Step 1. Create S3 Bucket
Login to AWS console
Search S3 from your services and click Create Bucket
Give an appropriate name and select the region. Remember the value for your region (for me it is ap-south-1)
- Scroll down and uncheck the block public access. This is not recommended if you are using S3 for other purposes. But if you want to host your static website it’s necessary.
- Leave other options as it is and click Create Bucket.
Step 2. Edit Properties to Enable Static Hosting
- After your bucket is created you can see it on the list. Click on the bucket name and open the Bucket overview. Select Properties tab
Scroll down to find the option of Static website hosting. Click Edit
Enable the hosting option. and select Host a static website
Give index.html as your index document. An important thing to note For error document you should also give index.html because when we build react application inside the build folder there is only one index.html file.
- Save Changes. And copy the URL that is given to you. It will be used to access your website.
Step 3. Allow Permission to Access Website
Now open the Permissions beside the properties tab.
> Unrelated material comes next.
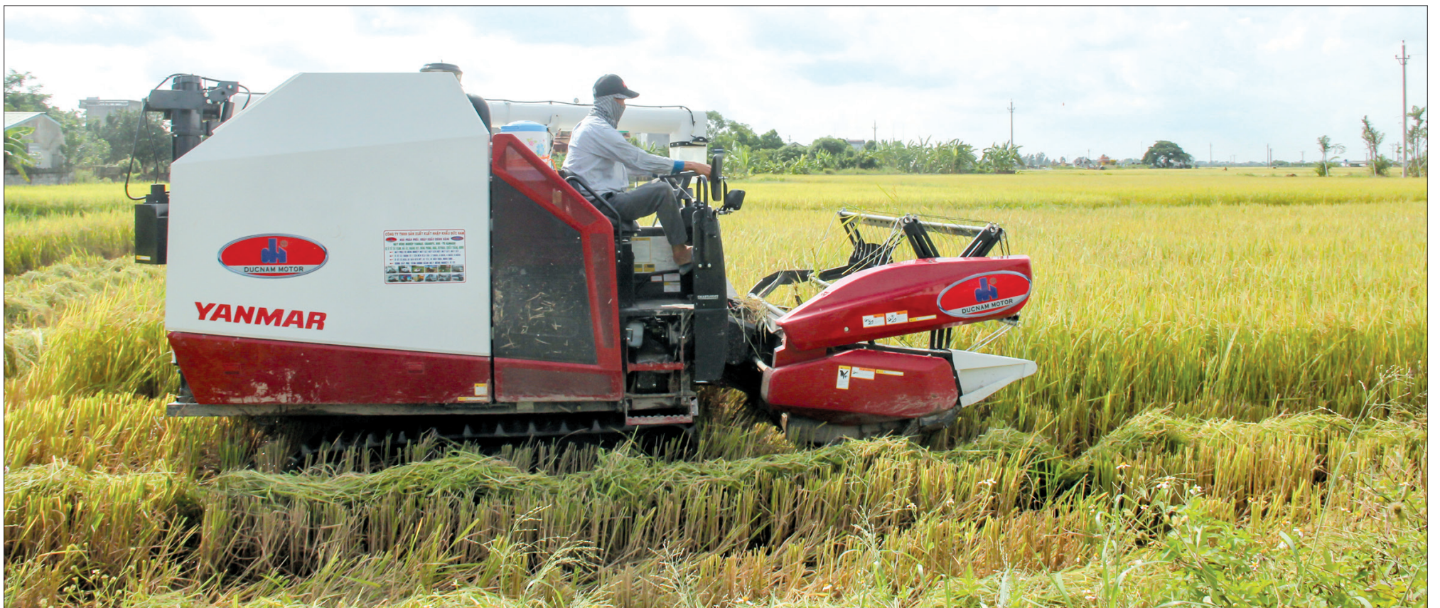
Nông dân huyện Hưng Hà sử dụng máy gặt đập liên hợp Yanmar do Công ty TNHH Sản xuất xuất nhập khẩu Đức Nam cung cấp.

Đồng hành cùng sự phát triển của nông nghiệp, nông dân, để cơ giới hóa đồng bộ ở các khâu trong quá trình sản xuất, thời gian tới, Công ty Đức Nam tiếp tục phối hợp với các địa phương, đơn vị tăng cường tuyên truyền, hướng dẫn nông dân chủ động đưa máy móc vào đồng ruộng; xây dựng các chính sách hỗ trợ; cung cấp các sản phẩm máy nông nghiệp chất lượng, phù hợp với điều kiện canh tác của người dân, qua đó từng bước hình thành các vùng chuyên canh theo hướng hàng hóa cho hiệu quả kinh tế cao, góp phần vào mục tiêu phát triển nền nông nghiệp chất lượng, hiệu quả và bền vững của tỉnh.

Click on Edit Bucket Policy and add the following code
{
"Version": "2012-10-17",
"Statement": [
{
"Sid": "PublicReadGetObject",
"Effect": "Allow",
"Principal": "*",
"Action": [
"s3:GetObject"
],
"Resource": [
"arn:aws:s3:::<bucket-name>/*"
]
}
]
}
An important thing to note: Replace
<bucket-name>
with your bucket name.
- Hit save and you are good to go.
Now you can upload your static website (For React the contents inside the build folder after we run the command npm run build.) If you go to your URL of static hosting you can view your website.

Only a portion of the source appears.